═══ GIVEN DATA

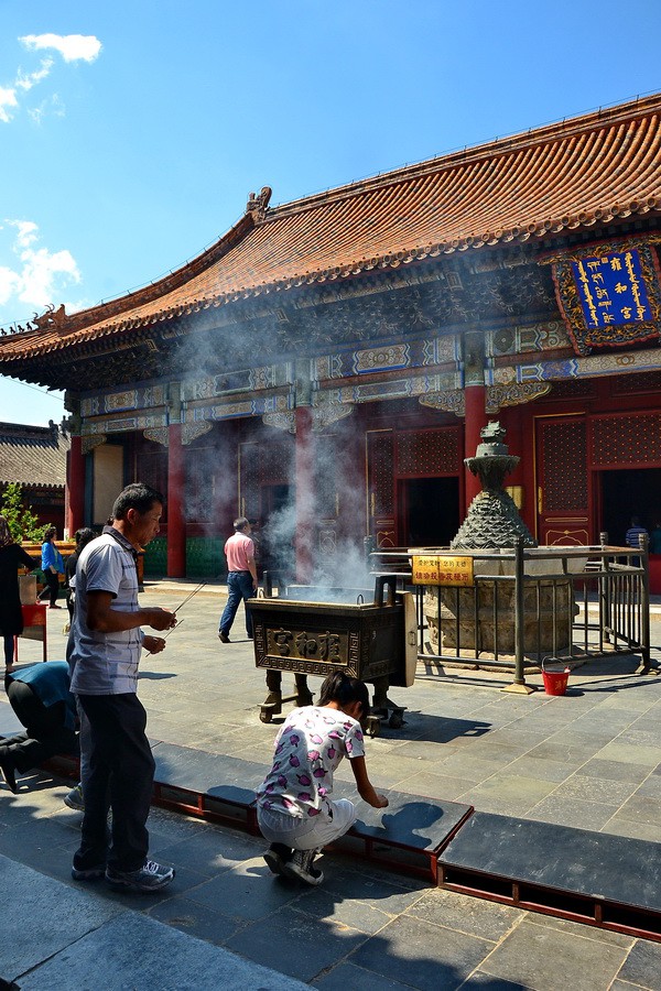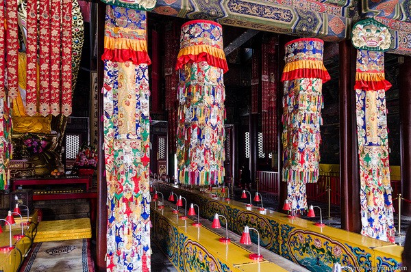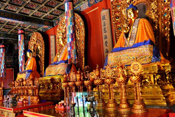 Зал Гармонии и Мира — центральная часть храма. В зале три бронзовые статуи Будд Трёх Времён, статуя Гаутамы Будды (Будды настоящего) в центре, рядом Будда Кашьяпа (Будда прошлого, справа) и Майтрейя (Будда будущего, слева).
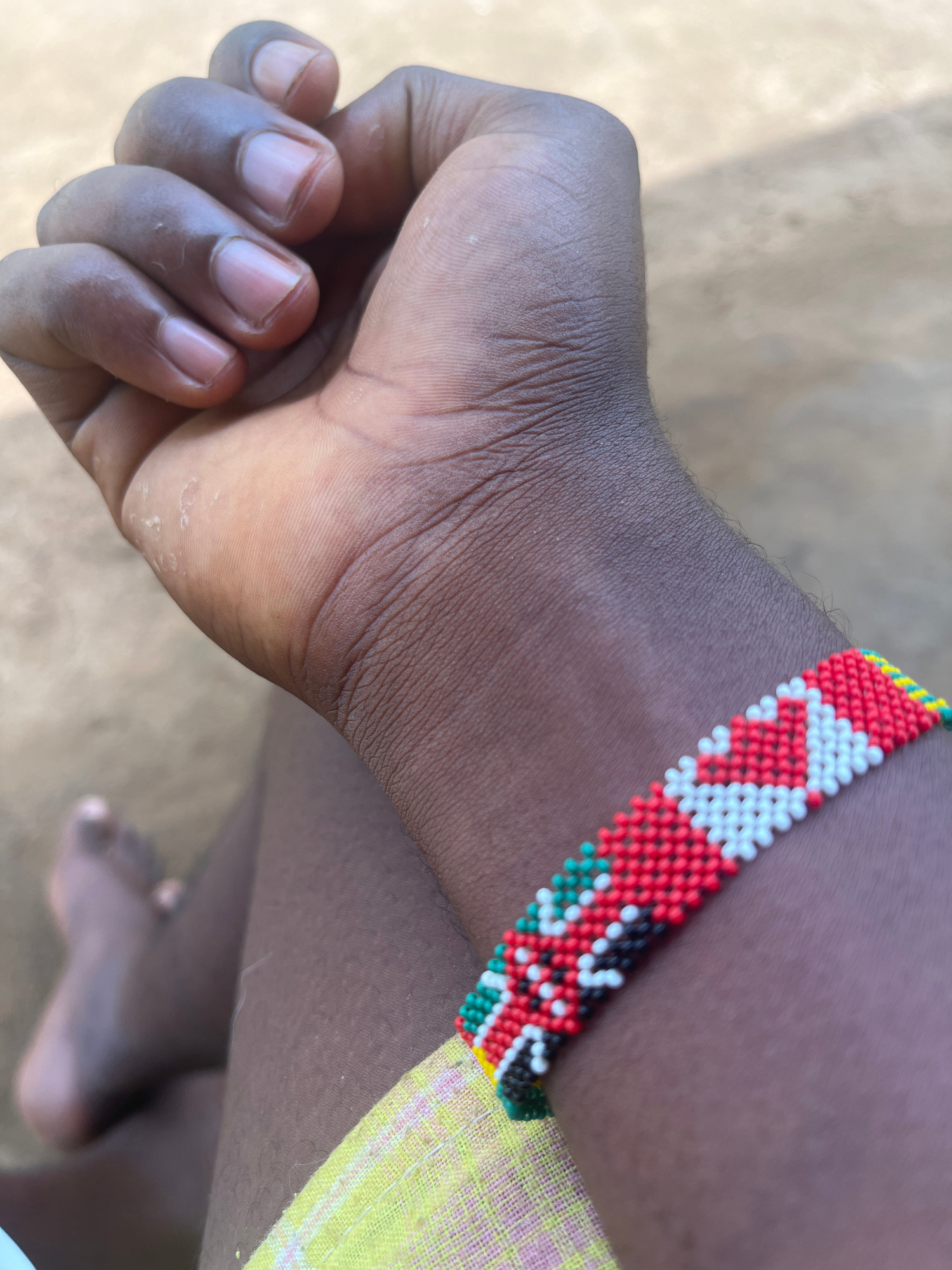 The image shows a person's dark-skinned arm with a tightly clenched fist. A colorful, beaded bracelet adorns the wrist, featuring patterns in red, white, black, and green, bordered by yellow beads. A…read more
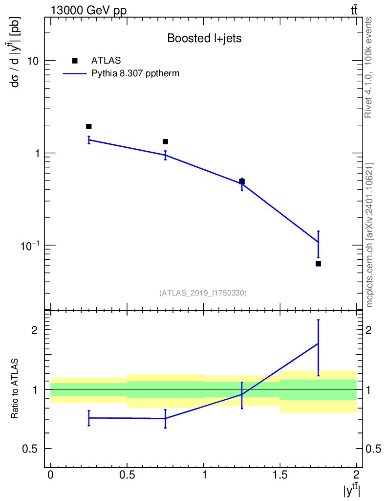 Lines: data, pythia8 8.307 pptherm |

══════

◆ **WHAT IS EXPECTED**:
Reproduce the listing verbatim, and keep the pictures out of the copy.

◆ **RESPONSE**:
 Зал Гармонии и Мира — центральная часть храма. В зале три бронзовые статуи Будд Трёх Времён, статуя Гаутамы Будды (Будды настоящего) в центре, рядом Будда Кашьяпа (Будда прошлого, справа) и Майтрейя (Будда будущего, слева).
 The image shows a person's dark-skinned arm with a tightly clenched fist. A colorful, beaded bracelet adorns the wrist, featuring patterns in red, white, black, and green, bordered by yellow beads. A…read more
 Lines: data, pythia8 8.307 pptherm |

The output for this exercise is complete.